To sum it up, monism cannot supply us a moral commander, it creates for itself the inescapable idea that whatever actions or thoughts we take/have are those of God too – including evil and imperfection and finally – at least Buddhism – gets itself stuck in affirming that all distinctions are illusory – which includes moral distinctions. In other words, morality is really an illusion.

THEISM: Every form of theism that I have come across affirms moral absolutes. And they all posit that God, in some way, is the source of moral absolutes. Let’s look at some of the issues that atheism and monism had and whether or not theism can overcome those.
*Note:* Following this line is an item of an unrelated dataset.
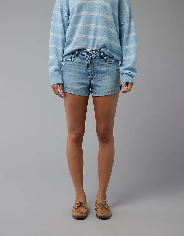 Ultra Low-Rise Medium Wash Denim Shortie Shorts
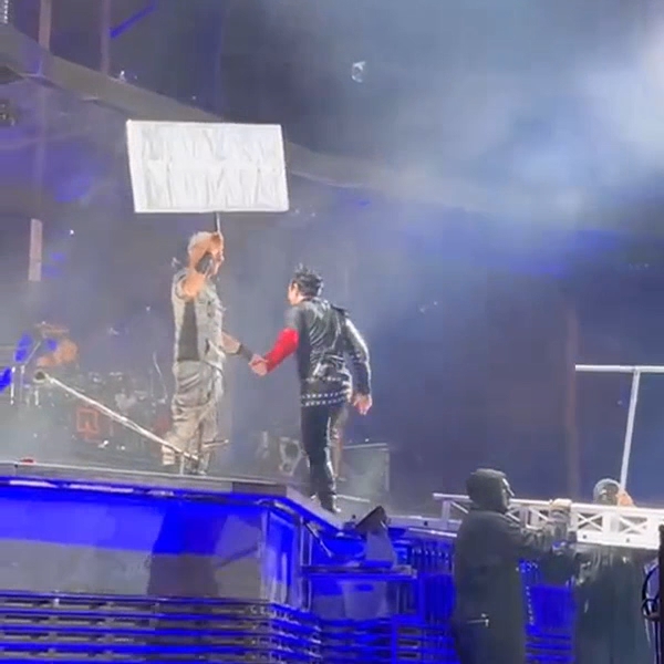 Звукачам Раммштайн повилазило? Вони не помітили, що Ріхард стоїть перед мікрофоном Пауля, і не включили Паулевий мікрофон, Ріхардове "Джермані" не чути було.

On theism, is the cause of the universe able to give the universe a purpose? If we were to turn back the clock and “re-start” the universe, could it have arisen with the same physical laws and moral laws? Yes, because a being with free-will is behind the causation of the universe, thus, it can choose to implement rules which could be grounded in either it’s choice or unchanging nature.

Is there a reason to adhere to the moral rules? Yes, on two basic grounds. (a) We are held accountable by God for our moral choices and there are consequences for not adhering to them. (b) We also could be wanting to adhere to the moral standard because they flow from God Himself – the source of all goodness and perfection.

Is this being a personal being able to implement moral commands (imperatives)? Yes, or course. Theism affirms that God is an intelligent, free and moral being. A supreme commander, if you will.

Are people separate and distinct from God? Yes, people are not part of God, but are made as distinct, free, and moral agents.

On theism, are there real distinctions between things? Yes. [As a side note, I think that only the multi-personal nature of the Christian God can ground and explain this concept well, as God is himself existing with a distinctiveness in His person-hood (yet unified in His nature and essence). Other views which posit that God is only one person I think would struggle to explain how diversity and distinctions could flow from God’s nature or image.]

Thus, in summary, (a) theism overcomes all the issues which atheism and monism cannot avoid, and also gives us (b) a ground for moral absolutes and (c) some reasons to adhere to it.